### What is being asked:
Reproduce the data below in full and exclude every picture.

### Data records:
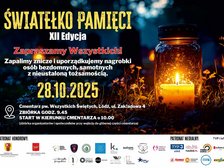 W tym roku Światełko Pamięci odbędzie się we wtorek 28 października o godz. 10. Zbiórka jest zaplanowana o godz. 9.45 przy wejściu prowadzącym do głównej części cmentarza pw. Wszystkich Świętych przy ul. Zakładowej 4 na Olechowie. Zainteresowanych uczestników akcji wolontariusze i pracownicy Koła Łódzkiego Towarzystwa Pomocy im. św. Brata Alberta będą częstować ciepłą herbatą.
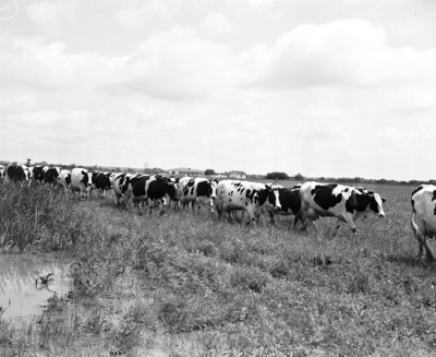 Image shows herd of Holstein cows on John Williams ranch, near Iowa Park. Published in the Fort Worth Star-Telegram morning edition, August 6, 1950.
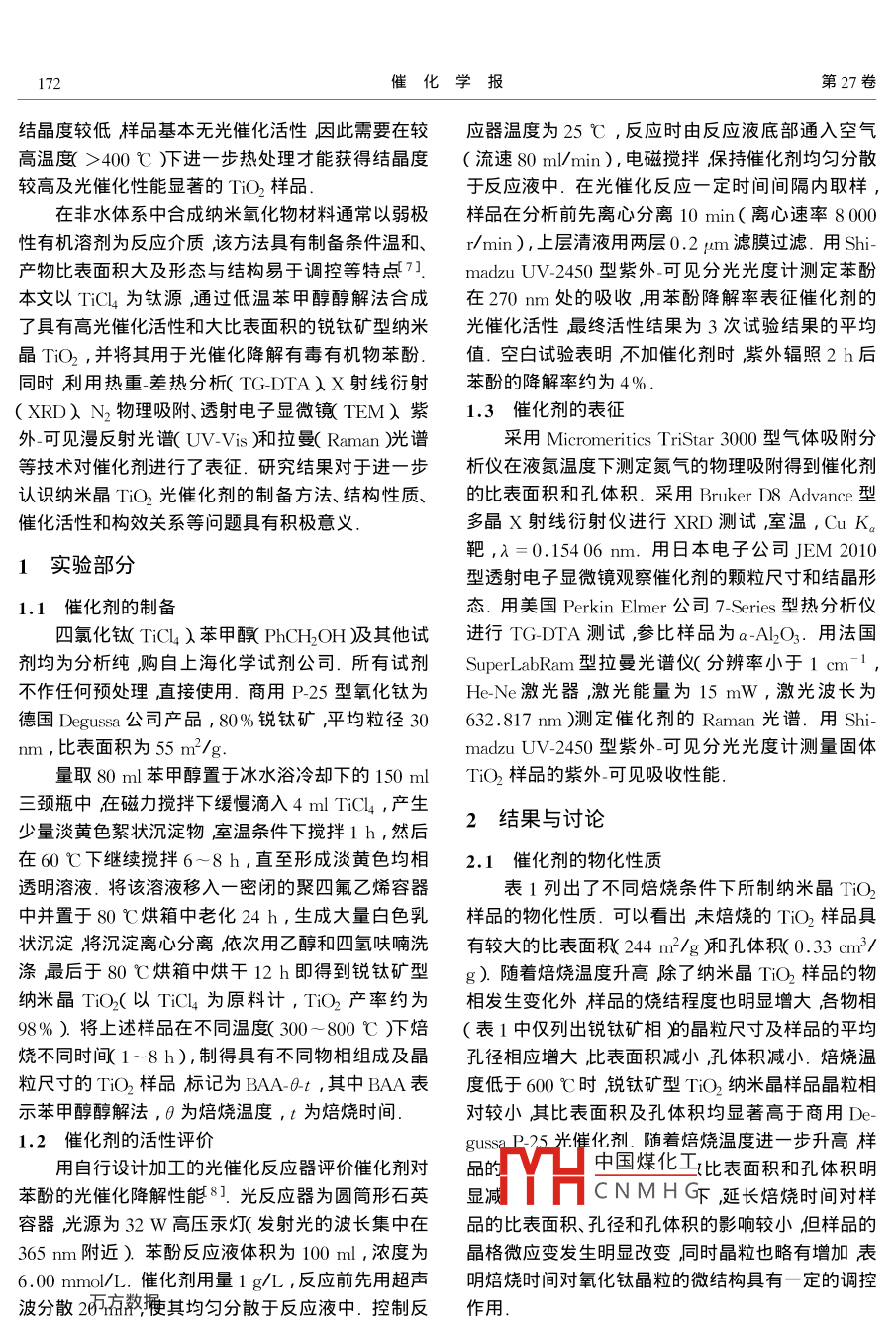 低溫苯甲醇醇解法制備高活性銳鈦礦型納米晶TiO2光催化劑
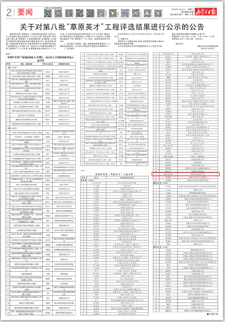 10. 人才工程:关于对第八批“草原英才”工程评选结果进行公示的公告(获得者:额尔敦布和)
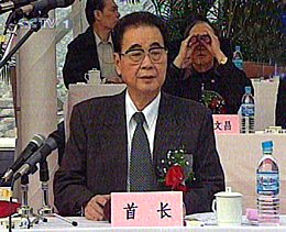 李鵬出席三峽導流明渠截流儀式。

### Result for this task:
 W tym roku Światełko Pamięci odbędzie się we wtorek 28 października o godz. 10. Zbiórka jest zaplanowana o godz. 9.45 przy wejściu prowadzącym do głównej części cmentarza pw. Wszystkich Świętych przy ul. Zakładowej 4 na Olechowie. Zainteresowanych uczestników akcji wolontariusze i pracownicy Koła Łódzkiego Towarzystwa Pomocy im. św. Brata Alberta będą częstować ciepłą herbatą.
 Image shows herd of Holstein cows on John Williams ranch, near Iowa Park. Published in the Fort Worth Star-Telegram morning edition, August 6, 1950.
 低溫苯甲醇醇解法制備高活性銳鈦礦型納米晶TiO2光催化劑
 10. 人才工程:关于对第八批“草原英才”工程评选结果进行公示的公告(获得者:额尔敦布和)
 李鵬出席三峽導流明渠截流儀式。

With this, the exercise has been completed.